Targeting PKC epsilon for the development of novel therapeutics for Type 2 diabetes
Lipid-activated protein kinase C epsilon (PKCε) plays an important role in insulin resistance and β-cell failure in Type2 Diabetes (T2D). Deletion or inhibition of PKCε improves β-cell function in genetic models of T2D and is therefore an excellent target for the development of novel therapeutics for T2D. Inhibitors of PKCε offer an alternative strategy for improving insulin availability in diabetic patients. The high degree of conservation of the catalytic site within the PKC family and among different kinases poses a serious hurdle for the development of PKCε isozyme specific inhibitors. An effective approach to selectively target PKCε activity is to prevent the interaction of PKCε with its adaptor protein, RACK2, which translocates PKCε from the cytosol to various sub-cellular sites.

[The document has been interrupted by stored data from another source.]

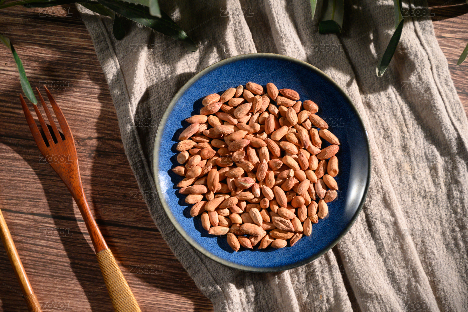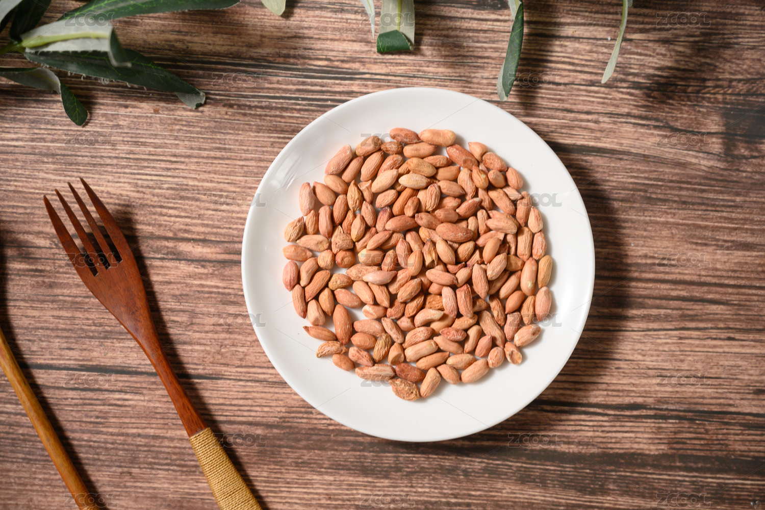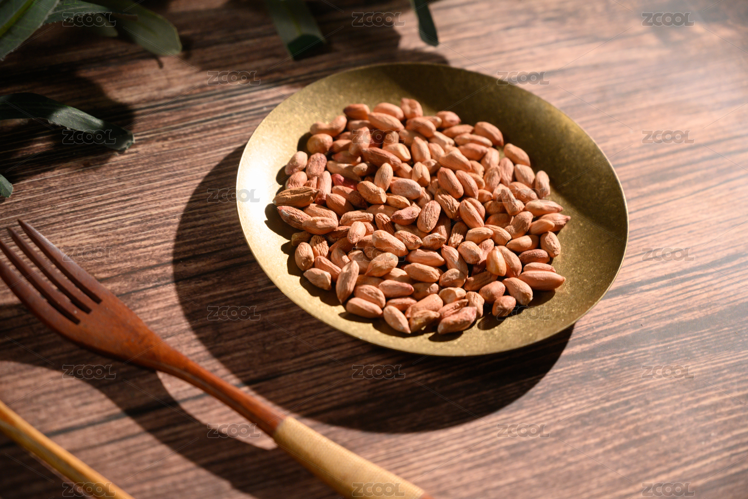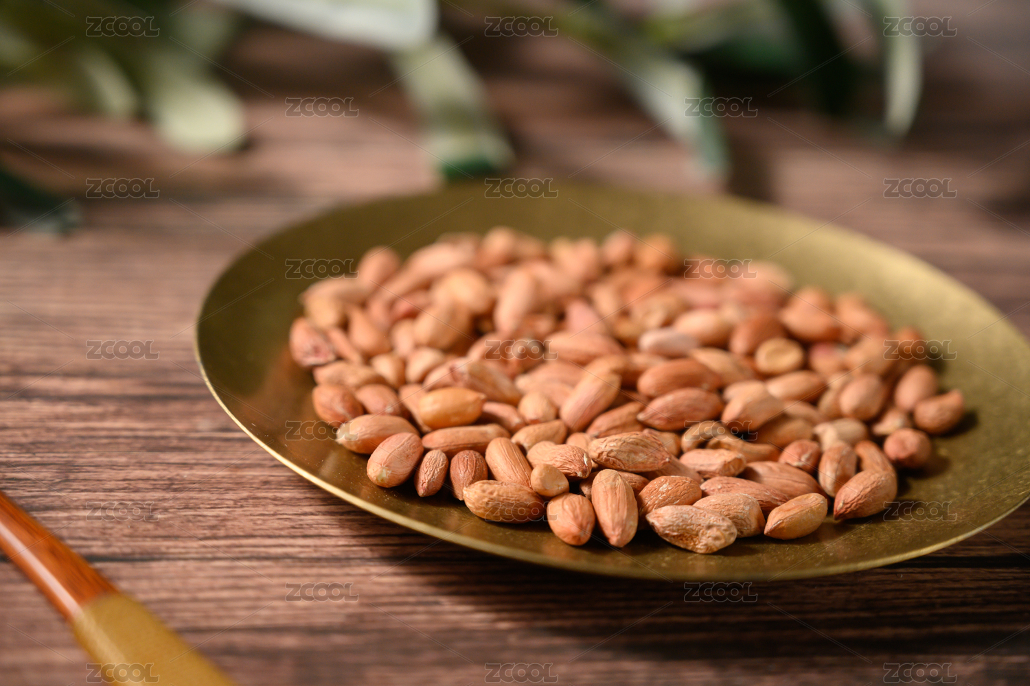 桌面上的盘子里的美味可口的皱皮花生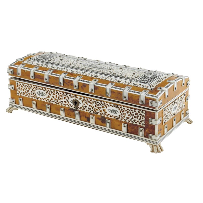 λAn Anglo-Indian tortoiseshell and ivory box, Vizagapatam, with pierced and lac decorated panels, one with a lion, the interior with a metal plaque inscribed 'TO SQUADRON LEADER T.E. PAVITT FROM THE PROFESSOR AND STUDENTS OF TELECOMMUNICATION ENGINEERING COLLEGE OF ENGINEERING GUINDY, MADRAS, WITH APPRECIATION AND GRATITUDE', the base inscribed with students' signatures, early 20th century, together with a typed letter from Professor Sreenivasan expressing his gratitude for the Squadron Leader Parvitt's help, 7.6cm high, 26.8cm wide, 12cm deep.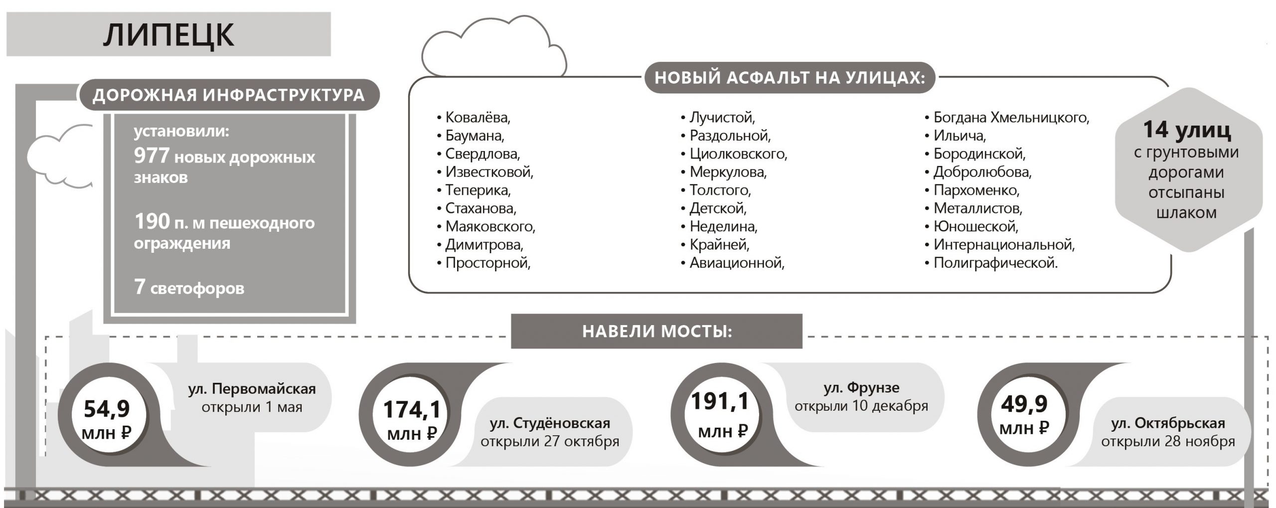 В этом номере мы расскажем о дорогах. Только с 2019 по 2024 год в рамках нацпроекта «Безопасные качественные дороги» в Липецке отремонтировали 149,7 км (142 участка дорог), в области — 1 926 км.

The N-terminal regulatory C2 domain of PKCε is critical for its interaction with RACK2, and peptides derived from the RACK-binding site of C2 domain have been shown to be selective inhibitors of RACK2/ PKCε interaction. Targeting this protein-protein interaction site with small molecules would facilitate the development of novel PKCε inhibitors with improved selectivity and pharmacokinetic properties. We have performed an NMR-based fragment screening to identify small molecules that bind to the C2 domain of PKCε. Several hits were identified in the primary screen, indicating that this protein-protein interaction site is druggable.
This project will validate the hits identified from the primary screen using various biophysical techniques (like SPR, ITC and NMR) and further elaborate the fragment hits into high-affinity ligands using medicinal chemistry optimisation.